_WHAT YOU ARE ASKED TO DO_:
In the records below, the lines between the one holding "时隔1年5个月,终于完成推图" and the one holding "这是9月1日在马尔代夫胡鲁马", inclusive, are to be transcribed exactly; no pictures are to be included.

_RECORDS FOR THIS TASK_:
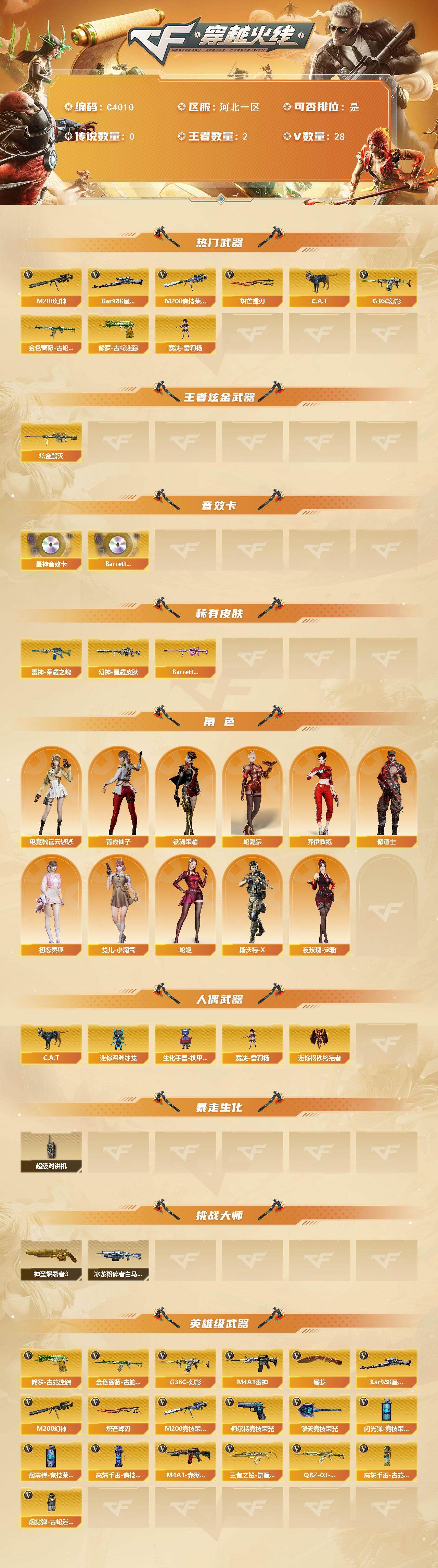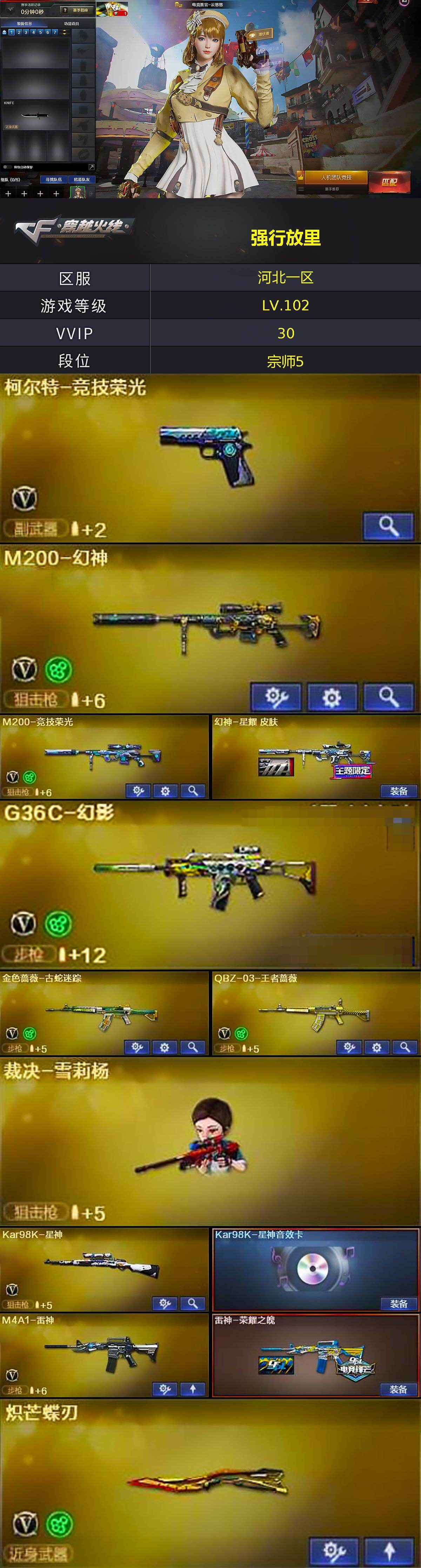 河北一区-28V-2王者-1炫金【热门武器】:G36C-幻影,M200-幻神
--
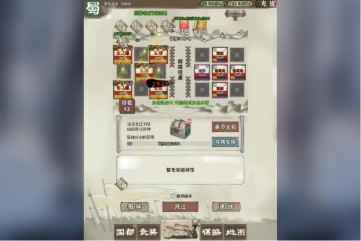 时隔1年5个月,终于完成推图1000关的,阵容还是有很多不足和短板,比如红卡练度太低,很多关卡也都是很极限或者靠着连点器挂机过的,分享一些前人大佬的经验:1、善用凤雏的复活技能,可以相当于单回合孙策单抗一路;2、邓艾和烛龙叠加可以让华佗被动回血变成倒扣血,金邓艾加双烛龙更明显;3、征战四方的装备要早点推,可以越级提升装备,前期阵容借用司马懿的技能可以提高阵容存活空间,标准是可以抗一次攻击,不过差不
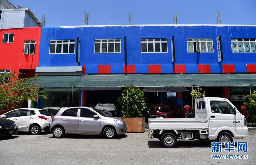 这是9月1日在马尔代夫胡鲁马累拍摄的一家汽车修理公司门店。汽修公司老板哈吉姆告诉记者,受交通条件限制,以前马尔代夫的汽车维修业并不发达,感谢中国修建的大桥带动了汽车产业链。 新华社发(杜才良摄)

_REPLY TO THE TASK_:
 时隔1年5个月,终于完成推图1000关的,阵容还是有很多不足和短板,比如红卡练度太低,很多关卡也都是很极限或者靠着连点器挂机过的,分享一些前人大佬的经验:1、善用凤雏的复活技能,可以相当于单回合孙策单抗一路;2、邓艾和烛龙叠加可以让华佗被动回血变成倒扣血,金邓艾加双烛龙更明显;3、征战四方的装备要早点推,可以越级提升装备,前期阵容借用司马懿的技能可以提高阵容存活空间,标准是可以抗一次攻击,不过差不
 这是9月1日在马尔代夫胡鲁马累拍摄的一家汽车修理公司门店。汽修公司老板哈吉姆告诉记者,受交通条件限制,以前马尔代夫的汽车维修业并不发达,感谢中国修建的大桥带动了汽车产业链。 新华社发(杜才良摄)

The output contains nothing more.